Lorenzo Haili, “Ercole e Ciclope”, legno intagliato, dorato e parzialmente dipinto, ultimo decennio XVII secolo
Le due statue sono state individuate nel 2007 presso la mostra di antiquariato di Palazzo Corsini a Firenze come pregevoli opere del trentino Lorenzo Haili. Le connotano il consueto dinamismo della composizione, il retaggio nordico nel panneggio a pieghe spezzate, la resa anatomica dei corpi, la caratteristica fisionomia dei volti ma, anche, la posa teatrale e scenografica dei personaggi, identificabili come Ercole, con la clava e la pelle di leone, e un Ciclope, con il martello da fucina. La coppia, in legno intagliato, dorato e parzialmente dipinto, con effetto simile alle sculture rinascimentali in bronzo dorato, è datata all’ultimo decennio del XVII secolo, quando il linguaggio di Haili, attivo nel ducato parmense come scultore di corte di Ranuccio Farnese, si arricchisce di suggestioni del Barocco romano, evidenti negli atteggiamenti enfatici delle due figure. Le due opere, studiate da Luciana Giacomelli, sono state restaurate da Antonello Pandolfo. Leaccurate indagini diagnostiche preliminari hanno evidenziato tra l’altro i segni di precedenti interventi conservativi. L’intervento di restauro, dopo le fasi di consolidamento e pulitura, è culminato nella reintegrazione plastica e cromatica delle lacune inclusa l’applicazione a “missione” di foglia d’oro zecchino. Per ristabilire le proporzioni originali tra le due sculture, alla base della statua di Ercole è stato collocato un nuovo listello perimetrale in legno di abete, simile a quello del Ciclope.

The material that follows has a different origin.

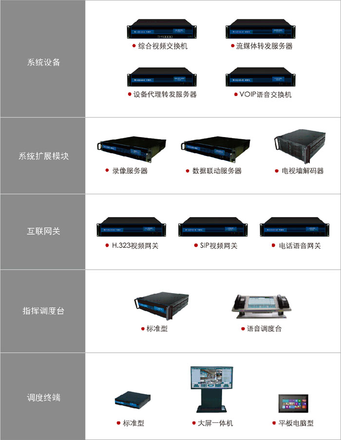 系統(tǒng)平臺(tái) 綜合視頻交換機(jī) 實(shí)現(xiàn)用戶身份認(rèn)證、用戶及設(shè)備的權(quán)限和級別管理、終端地址解析、業(yè)務(wù)功能控制、設(shè)備管理、分級管理、支持單播和組播切換等功能。 可支持升級配置級聯(lián)模塊、雙流會(huì)議模塊、數(shù)據(jù)會(huì)議模塊、電子地圖模塊等,增強(qiáng)綜合視頻交換機(jī)的相應(yīng)能力。 流媒體轉(zhuǎn)發(fā)服務(wù)器 實(shí)現(xiàn)視頻流、音頻流、數(shù)據(jù)流的多路復(fù)用轉(zhuǎn)發(fā),提供高清視頻流轉(zhuǎn)發(fā)機(jī)制,提高帶寬利用率,支持TCP/UDP互轉(zhuǎn)傳輸模式,支持分布部署。 設(shè)備代理接入服務(wù)器 實(shí)現(xiàn)多品牌監(jiān)控設(shè)備代理接入,實(shí)時(shí)巡檢、顯示各種終端設(shè)備狀態(tài)等。支持分布部署,提供高/標(biāo)清視頻的接入,支持高清標(biāo)清的混搭,滿足用戶的接入需求。 系統(tǒng)綜合維護(hù)管理軟件 系統(tǒng)綜合維護(hù)管理軟件支持綜合視頻交換機(jī)管理、電視墻控制、錄像控制管理、報(bào)警管理、雙機(jī)熱備監(jiān)視、編碼器配置的統(tǒng)一管理,并整合部分系統(tǒng)工具,使用戶管理和使用系統(tǒng)更加方便快捷。 系統(tǒng)擴(kuò)展模塊 錄像服務(wù)器軟件:實(shí)現(xiàn)監(jiān)控集中錄像、指揮調(diào)度錄像、雙流錄像、專業(yè)數(shù)據(jù)影像采集錄像等,多種錄像形式,支持對錄像文件進(jìn)行備份、恢復(fù)、刪除、編輯等操作。錄像服務(wù)器支持不間斷錄像、定時(shí)錄像、定點(diǎn)重復(fù)錄像、報(bào)警觸發(fā)錄像等多種錄像方式,支持分布部署,實(shí)現(xiàn)并發(fā)錄像負(fù)載動(dòng)態(tài)均衡,滿足高清標(biāo)清多種視頻圖像不同碼流的存儲(chǔ)優(yōu)化。 數(shù)據(jù)報(bào)警服務(wù)器:主要是連接防盜報(bào)警主機(jī),通過數(shù)據(jù)報(bào)警服務(wù)器實(shí)現(xiàn)各級防盜報(bào)警系統(tǒng)與網(wǎng)絡(luò)視頻監(jiān)控系統(tǒng)聯(lián)動(dòng)報(bào)警的功能。 電視墻解碼器 接收網(wǎng)絡(luò)視頻數(shù)據(jù)流,完成多路視頻解碼,實(shí)現(xiàn)多路模擬視頻信號集中輸出。兼容多種視頻編碼器,支持堆疊,滿足大容量模擬視頻集中顯示。 具體根據(jù)大屏幕電視墻的集中顯示效果定制,可分為電視墻多路解碼器和電視墻分屏解碼器。 互聯(lián)網(wǎng)關(guān) H.323視頻網(wǎng)關(guān) 通過 H.323視頻網(wǎng)關(guān)與H.323視頻會(huì)議系統(tǒng)實(shí)現(xiàn)音視頻互連互通。 SIP視頻網(wǎng)關(guān) 通過SIP視頻網(wǎng)關(guān)可把IP語音電話、IP可視電話呼入到視頻指揮調(diào)度系統(tǒng)進(jìn)行語音、視頻的雙向交互。可視電話也可通過網(wǎng)關(guān)瀏覽視頻系統(tǒng)內(nèi)的視頻圖像。 語音電話網(wǎng)關(guān) 通過語音電話網(wǎng)關(guān)可與PSTN網(wǎng)進(jìn)行互聯(lián),接模擬電話、手機(jī)等通用通信設(shè)備與指揮調(diào)度系統(tǒng)有效結(jié)合。 標(biāo)準(zhǔn)調(diào)度臺(tái) H.323互聯(lián)網(wǎng)關(guān) 具有召開指揮、通信調(diào)度、雙向音視頻、四路視頻信號同時(shí)采集壓縮編解碼能力,支持觸摸屏顯示器,支持最多五路輸出模式,在調(diào)度臺(tái)上可完成視頻指揮、視頻監(jiān)控、數(shù)據(jù)呈現(xiàn)、數(shù)據(jù)會(huì)議、電話呼叫、可視電話呼叫、H.323會(huì)議終端呼叫等操作,從而實(shí)現(xiàn)視頻調(diào)度、視頻監(jiān)控、語音調(diào)度、數(shù)據(jù)呈現(xiàn)的各種功能。配合觸摸屏顯示器,達(dá)到顯示操作一體化,使操作控制更加方便,一目了然。 移動(dòng)調(diào)度臺(tái) 移動(dòng)調(diào)度臺(tái)具備標(biāo)準(zhǔn)指揮調(diào)度臺(tái)的全部功能的基礎(chǔ)上,其設(shè)備采用加固便攜式硬件配置,能夠適應(yīng)車載應(yīng)用、單兵便攜應(yīng)用、野戰(zhàn)前站應(yīng)用等,內(nèi)置低帶寬傳輸?shù)木W(wǎng)絡(luò)適應(yīng)機(jī)制。 調(diào)度終端 調(diào)度終端做為系統(tǒng)的末梢終端,功能權(quán)限低于指揮調(diào)度臺(tái),具備監(jiān)控視頻、參與指揮等功能。調(diào)度終端可以與語音電話、可視電話、323會(huì)議終端進(jìn)行點(diǎn)對點(diǎn)雙向交互,支持回聲抵消,網(wǎng)絡(luò)動(dòng)態(tài)調(diào)節(jié)等。 包括調(diào)度終端、調(diào)度終端(大屏幕型)、調(diào)度終端(一體機(jī)型)等終端類型。 監(jiān)控終端 監(jiān)控終端具有視頻解碼和語音雙向編解碼能力,通過監(jiān)控終端,用戶可完成遠(yuǎn)程監(jiān)控操作。支持畫面多分屏瀏覽顯示、多種畫面輪巡顯示、本地錄象、預(yù)制位和巡航調(diào)用、對監(jiān)控前端語音雙向?qū)χv、電子地圖單雙屏顯示、系統(tǒng)報(bào)警管理等多種監(jiān)控功能應(yīng)用。 包括C/S版監(jiān)控終端、WEB版監(jiān)控終端等終端類型。

Ignoto pittore del XVIII secolo, “Martirio di Santa Caterina d’Alessandria”, olio su rame, metà del XVIII secolo; Manifattura tedesca (Augsburg?),”Cornice ottagonale”, legno ebanizzato, rame dorato, bronzo fuso, dorato e cesellato, lamina d’argento, fine secolo XVII
Dalla collezione Wolkenstein, la cui acquisizione si è conclusa nel 2009, provengono 4 tondi ad olio su rame dipinti tra il XVII e il XVIII secolo. Nella serie, analizzata da Michelangelo Lupo, fa spicco la scena del martirio di Santa Caterina, maggiore per dimensioni e attribuibile ad un pittore più maturo, già pienamente settecentesco, avvicinato ai modi ai modi del pittore marchigiano Sebastiano Ceccarini. Il dipinto raffigura il momento in cui un fulmine distrugge la ruota dentata che avrebbe straziato le carni della martire, perseguitata dall’imperatore Massenzio. La figura della santa, molto venerata, si collega anche alle vicende genealogiche della committenza. Il nome Caterina, infatti, ricorre più volte nella casata Wolkenstein tra Seicento e Settecento. Il conte Gaudenzio Fortunato (1629-1693), in particolare, doveva la sua fortuna alla zia Caterina Casati Stampa nata Altemps, marchesa di Soncino, della quale acquisì la ricca eredità fedecommissaria istituita nel 1654.
I dipinti sono inseriti in cornici ottagonali di manifattura tedesca realizzate a fine Seicento. La scena del “Martirio”, senz’altro successiva, è stata adattata all’incorniciatura e ne rimane parzialmente nascosta. La decorazione, particolarmente ricca, manca di interi elementi figurati che non è stato possibile risarcire in fase di restauro. L’intervento, eseguito da Roberto Perini e Maria Luisa Tomasi, ha comportato lo smontaggio del manufatto e il trattamento differenziato dei diversi elementi con le sostanze di pulitura più adatte ad ogni singolo pezzo e materiale.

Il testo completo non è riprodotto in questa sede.